On one hand, a study from the 12 de Octubre University Hospital and the Francisco de Vitoria University, both in Madrid, published in Nature Communications, has shown that it is weakening the castle walls. In other words, thinning the membrane of the tumor cell, making it more permeable and allowing chemotherapy to penetrate much more effectively. Víctor Sánchez-Arévalo, head of the Molecular Oncology Group at the Francisco de Vitoria University and and the Hospital 12 de Octubre (UFV-H12O) and principal investigator, points to the target that makes it possible: the enzyme ELOVL6, "responsible for elongating the chains of fatty acids present, among others, in the plasma membranes of cells."
The expression of this biological catalyst is regulated by the oncogene c-MYC, "which is usually altered and overexpressed in pancreatic cancer, implying that there are also high levels of ELOVL6." "Its inhibition or silencing, both by chemical and genetic methods, alters the physicochemical properties of the cell membrane, making it less rigid and more permeable.
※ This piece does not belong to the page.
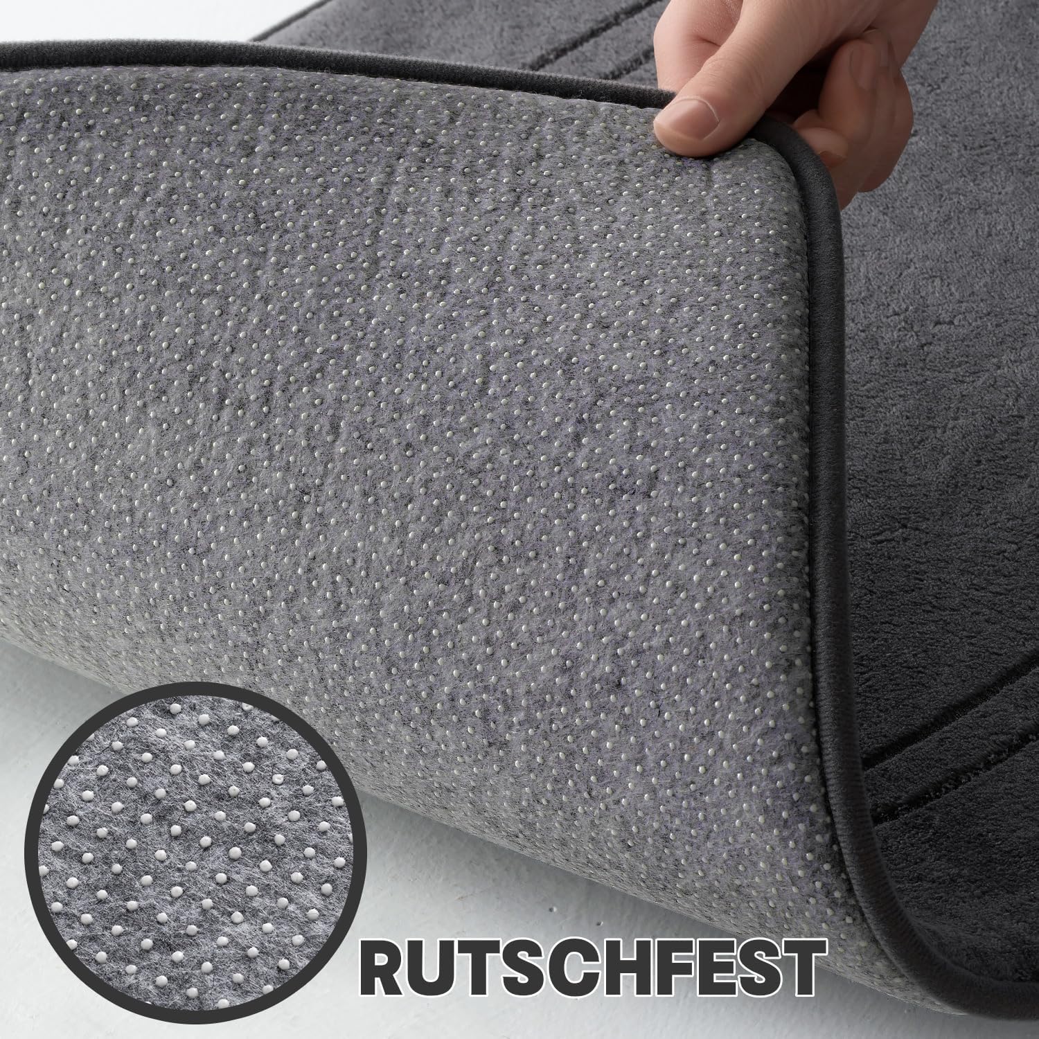 • Комплекти килими за баня: комплект тъмносиви килими за баня от 3 части, включително постелки с размери 43 см x 61 см и 51 см x 81 см, U-образен килим за плот 51 см x 61 см. В този магазин ще намерите комплект килими за баня на добри цени. Идеални за баня, тоалетка, вила, главна баня, детска баня, хол и т.н.

As a result, chemotherapy penetrates it more easily enhancing its action," details Sánchez-Arévalo.
The researcher points out that the effect is mainly observed in those chemotherapies that use nanoparticles to deliver drugs against tumor cells, such as paclitaxel, a common medication against this cancer. Consequently, "it would be possible to achieve the same effect on cancer cells with a lower dose of chemotherapy, also reducing its toxicity," he emphasizes.
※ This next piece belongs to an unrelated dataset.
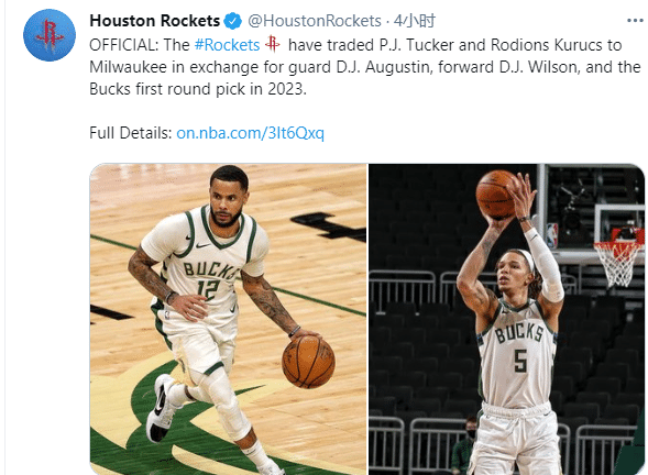 来源:直播车03-20 14:17直播车3月20日讯 火箭和雄鹿两队正式官宣大交易完成,火箭把塔克、库鲁茨和首轮选秀权(2022年)交易到雄鹿,得到DJ-奥古斯汀、DJ-威尔逊、2023年首轮选秀权和次轮换首轮的互换权;35岁塔克正式加盟雄鹿,如愿离开火箭并且加盟冲冠豪强。

On the other hand, PNAS has published a joint work from the Research Institute of Hospital del Mar, IIBB-CSIC-IDIBAPS, Mayo Clinic, Institute of Experimental Biology and Medicine (CONICET, Argentina), and CaixaResearch Institute that opens the door to new strategies. Here, the assault would occur thanks to the identification of one of the members of the crew, responsible for its aggressiveness: an unknown function until now of the protein Galectin-1 within the nucleus of fibroblasts.
"This stroma is considered a key piece, as it interacts with cancer cells, protects them and prevents the action of drugs. In addition, stromal cells, particularly fibroblasts, produce substances that facilitate neoplastic growth and spread," explains Pilar Navarro, from Hospital del Mar and IIBB-CSIC-IDIBAPS.
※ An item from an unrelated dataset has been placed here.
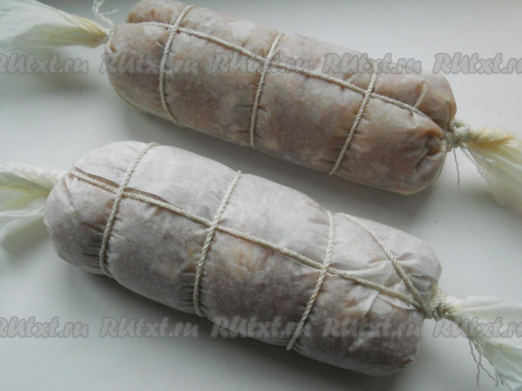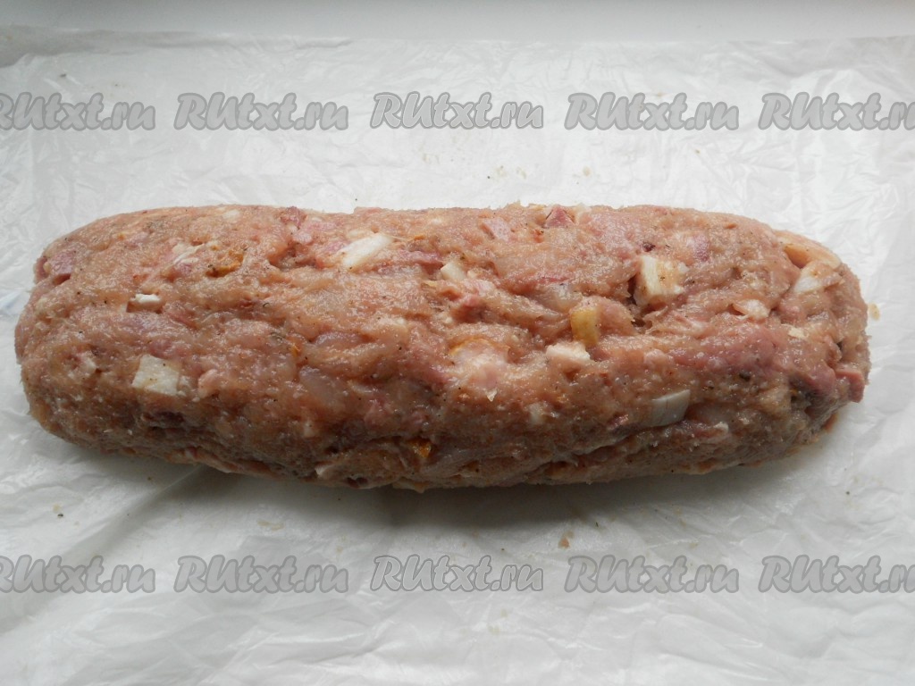 Тщательно вымешать фарш. Бумагу для выпечки (пергамент) смочить в воде и отжать. Расстелить на поверхности. Из фарша сформировать "колбаску" (у меня из данного количества фарша получилось 2 штуки) и выложить на бумагу.

This team of scientists has tested this theory on patient samples, which has allowed them to verify the presence and function of Galectin-1 in the nucleus of fibroblasts. Along with this, they have conducted in vitro experiments with human fibroblastic cell lines, where they have investigated the effects of inhibiting both the protein and the KRAS gene, observing a deactivation of these cells. This creates a gap in their ranks, meaning it would prevent fibroblasts from collaborating with tumor cells.
Gabriel Rabinovich, a researcher at IBYME (CONICET), outlines the following steps. "We will explore therapeutic combinations that allow inhibiting Galectin-1 both extracellularly and intracellularly. In fact, this protein also participates in key processes for the tumor such as blood vessel formation and resistance to immunotherapy. Therefore, this strategy becomes particularly important considering the multiple antitumor capabilities of inhibiting this protein."
Barbacid concludes that "bringing our immune system to tumor cells, that is, something similar to what we know as immunotherapy or finding ways to overcome tumor resistance mechanisms to personalized therapies will be two important milestones in fighting against this terrible disease."